梁眠回憶道,“早上添了一隊人,不過后來不知什么緣故,又撤走很多,如今似乎只剩下大門附近還象征性的守著兩個人。”
突然多了人,又突然撤走,也許是為了掩蓋里面來不及清理的線索,又或許是故設障眼法,引人入甕。
但無論是哪種……
她都想親身去看看。
“蘇探事,時辰差不多了,要開始梳妝了。”
女官凌然帶著幾名宮人進來,每個人的手中都捧著一只托盤,里面放著各種物什。
蘇露青看著凌然,若有所思。
凌然是皇后身邊的大女官,奉命出宮為她梳妝,是皇后給她的無上恩典;
但同時也意味著,有凌然在,她的很多行動,都會受到限制。
梁眠等人被凌然不著痕跡的“請”到屋外,關上門,隔絕屋內屋外的視線。
蘇露青在心中算了算時辰,坐到梳妝臺邊,抬手扇了扇風,跟著道,“有些熱,再開一扇窗吧。”
屋內地龍燒得極旺,多開一扇窗子也無礙,凌然示意宮人,開了遠處的一扇窗。
長發簡單綰在腦后,有宮人上前,將浸過溫水的細線抻住,為她絞去面上絨毛,是為開臉。
蘇露青皺起眉。
“蘇探事再忍忍吧,開臉就是這樣的。”凌然在一旁勸。
蘇露青點點頭,下意識躲避那條細線。
目光則不動聲色觀察鏡中角度,看到鏡子里晃過的影子以后,她順手拿起妝奩里的一根發簪,幾不可查的打了個手勢。
開臉過后,便是修眉。
剃掉雜亂的眉毛,再順著本來的眉心細細修理……
所有人都在忙著各自負責的事情,于是也沒有人注意到,窗子被悄悄關上,又有幾縷不屬于屋內金狻猊香爐吐出的青煙,正繚繞著被吹進來。
“秦侯那邊差不多已經開始出發了,等會兒催妝,蘇探事可準備了什么刁難人的規矩……”
凌然的聲音越來越低,勉強著說完這一句話,便伏在案頭,陷入昏迷。
屋內的其它宮人也跟著一個個東倒西歪,漸漸不省人事。
蘇露青掩住口鼻,將凌然等宮人扶到一旁,開門走了出去。
“蘇探事,就這么把她們都迷暈了,不能有事吧?”
梁眠有些驚魂未定,畢竟這些都是皇后殿下身邊的人,動了她們,那也相當于對皇后殿下不敬。

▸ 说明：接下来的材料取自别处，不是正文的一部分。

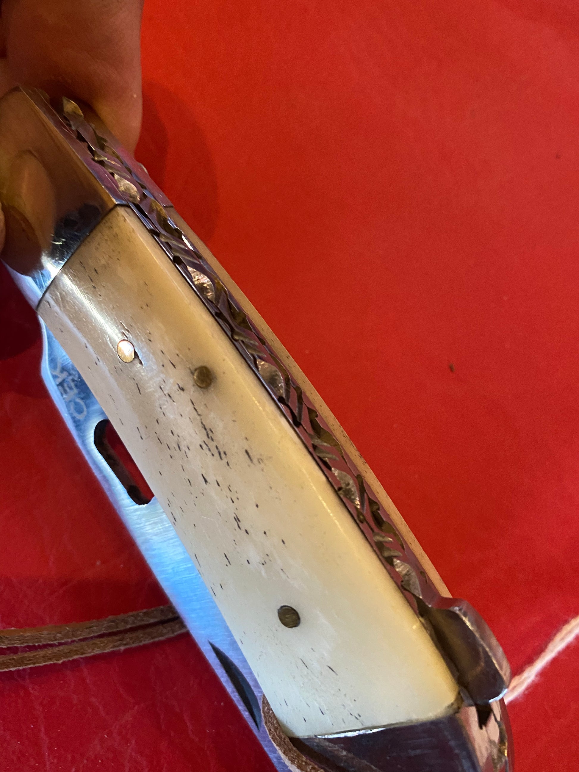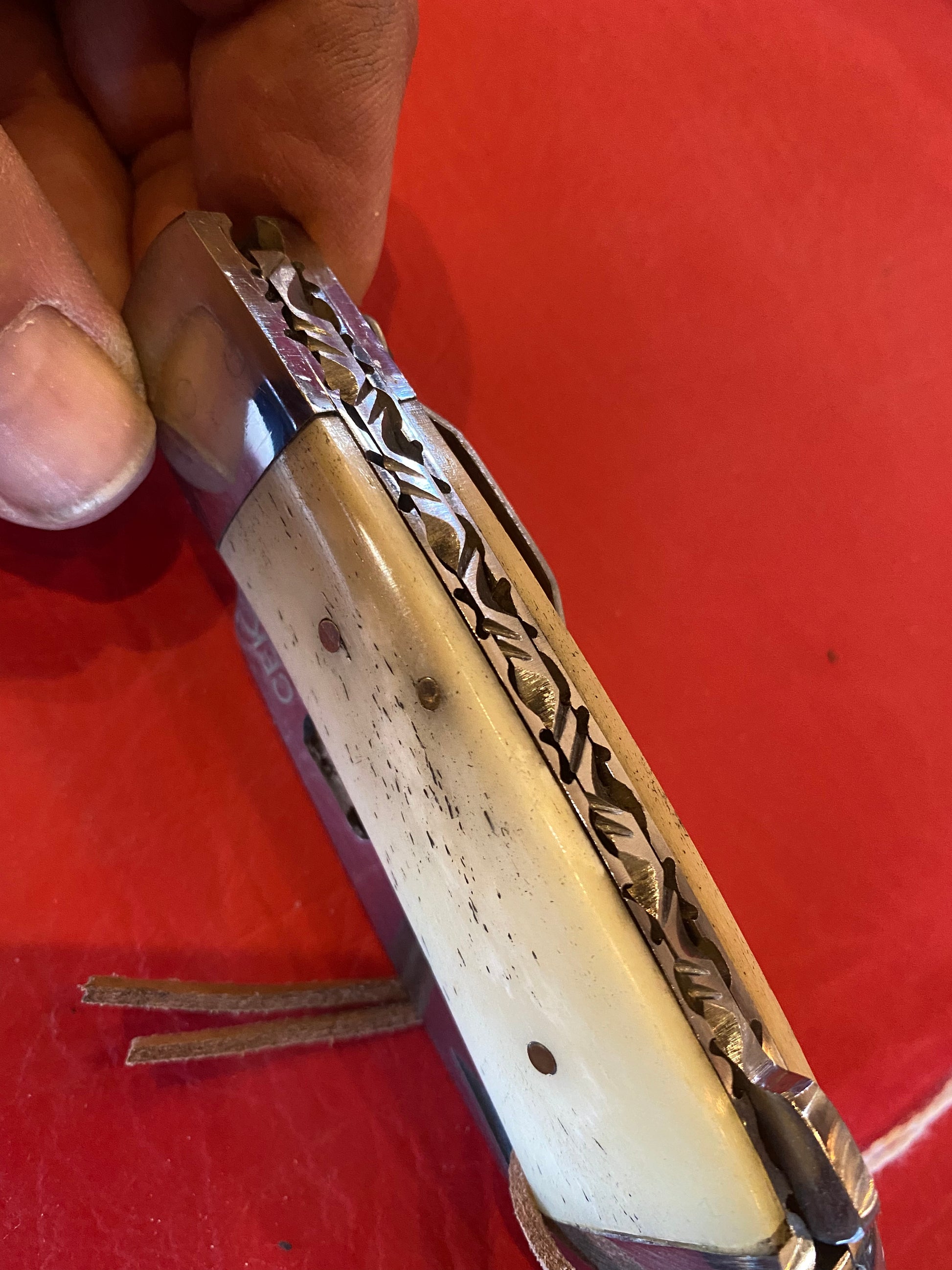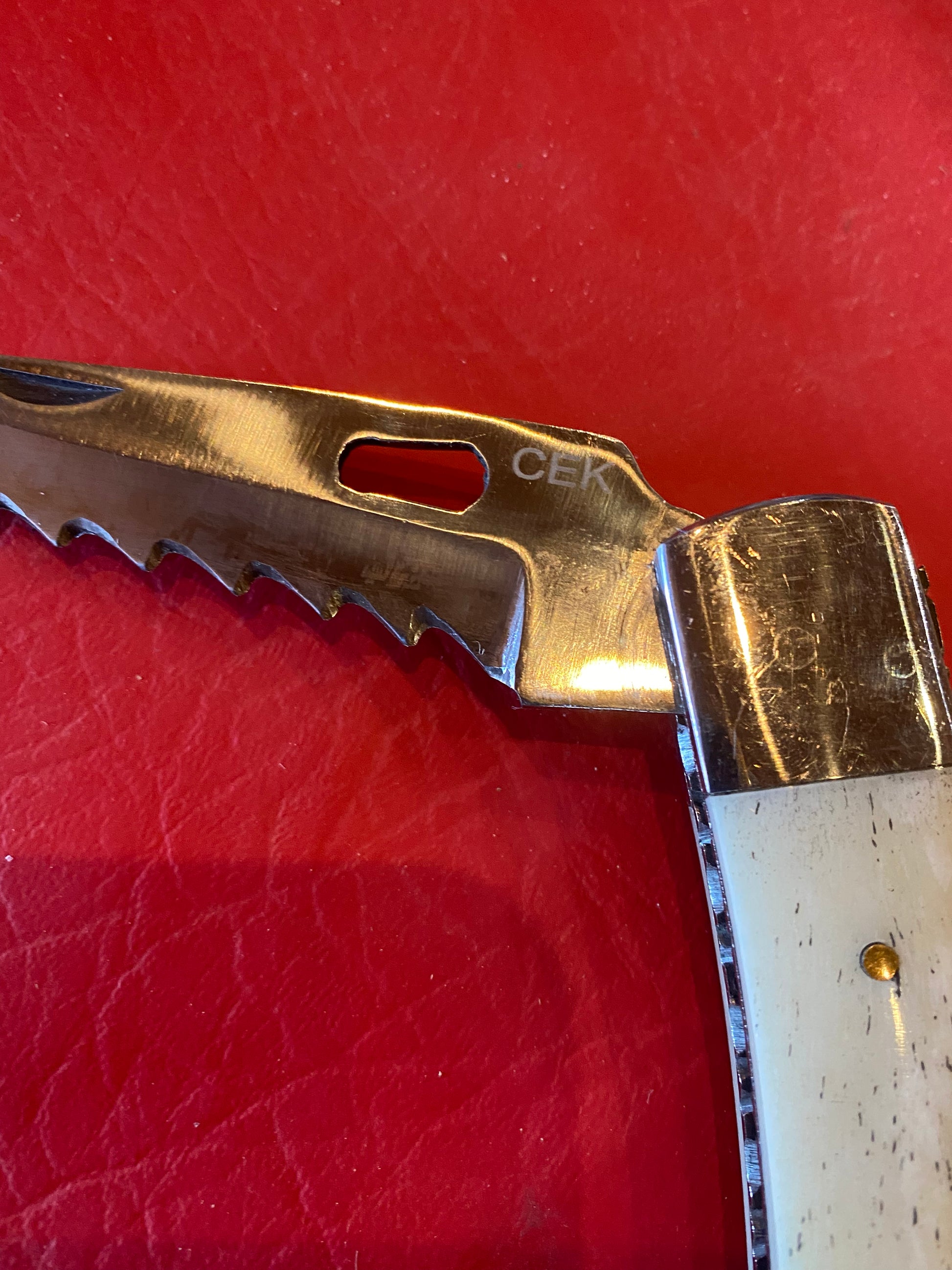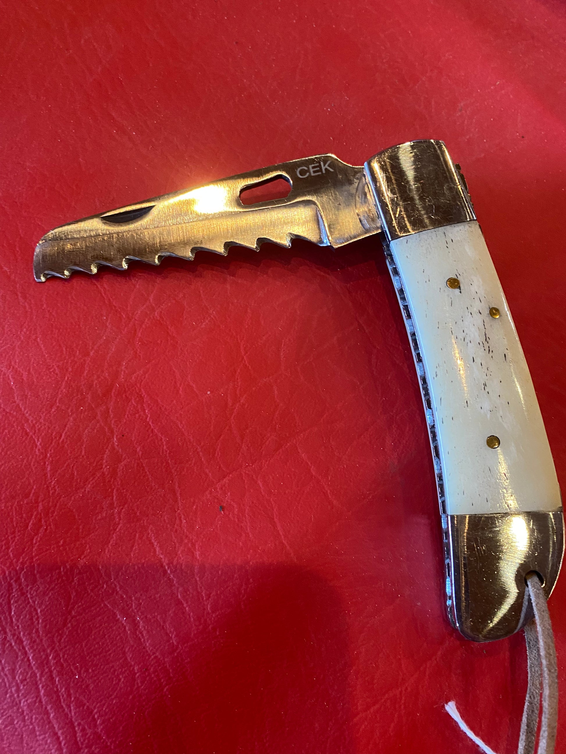 Custom bone handle folding knife with a 3 1/2 inch D2 full shark teeth serrated blade with a pin lock system that is very easy to manipulate. Serrated blade is a roping cutting sharp blade. Pocket clip model with file work on the handle spine .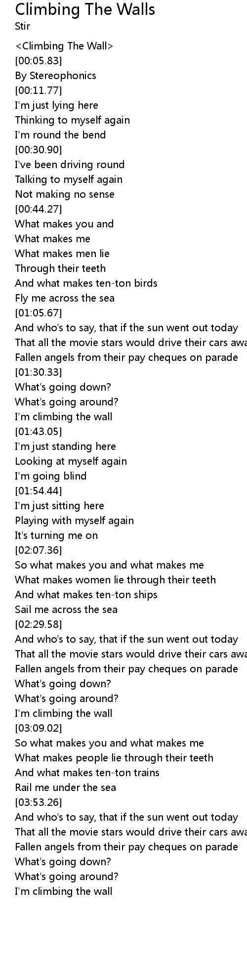 | [03:04.76] | I'm climbing the wall |

蘇露青只說,“天知地知你知我知,怕什么?東西都備齊了?”
梁眠一指旁邊廂房,“都在里面。”
蘇露青再從廂房里出來時,身上已經換了一身極為平常的勁裝。
“蘇探事,這種日子,這種時候……你真要這么出去啊?”梁眠還是不太放心。
“我去去就回,不會耽擱太久,”蘇露青回身朝虛掩著門的房內看,“這里的事,你們盯住,別讓閬國府的人看出異常。”
林叢點點頭,“蘇探事放心。”
“如果吉時之前我還沒有趕回來,你們就按計劃,刁難他,拖住他,等我回來。”
說完,她閃身出了院子,避開閬國府眾人,趕往屈府。
……
屈府門前的確只有兩名官兵守著。
蘇露青看著不遠處那空落落的一片斷垣焦土,不禁咋舌。
雖然她知道屈府被大火燒得什么也不剩,但看到眼前直接被夷為平地的“屈府”,她還是有些愕然。
從旁邊動工修墻的宅邸混進去,天色也漸漸暗下來。
當她循著記憶,走到屈靖揚書房處,找到那只大青石花盆時,夜色幾乎是一瞬間漫上來。
冬天黑得早,如今算算時辰,也不過酉時。
欽天監算出的婚事吉時是戌時三刻,滿打滿算,她還有一個時辰的時間。
花盆處的確沒有絲毫異樣,但她總覺得,她要找的東西,一定還在屈府內。
不知不覺間,她找到了一口井。
朝井中扔了塊石頭,聽到的并不是石塊落水后的“通”的一聲,而是好像砸在了枯枝敗葉上,有很悶的一聲悶響。
是一口枯井。
她小心扶著井沿兒,將燭火探進井下,跳躍的火光里,她隱約看到井下似乎還有一處空間……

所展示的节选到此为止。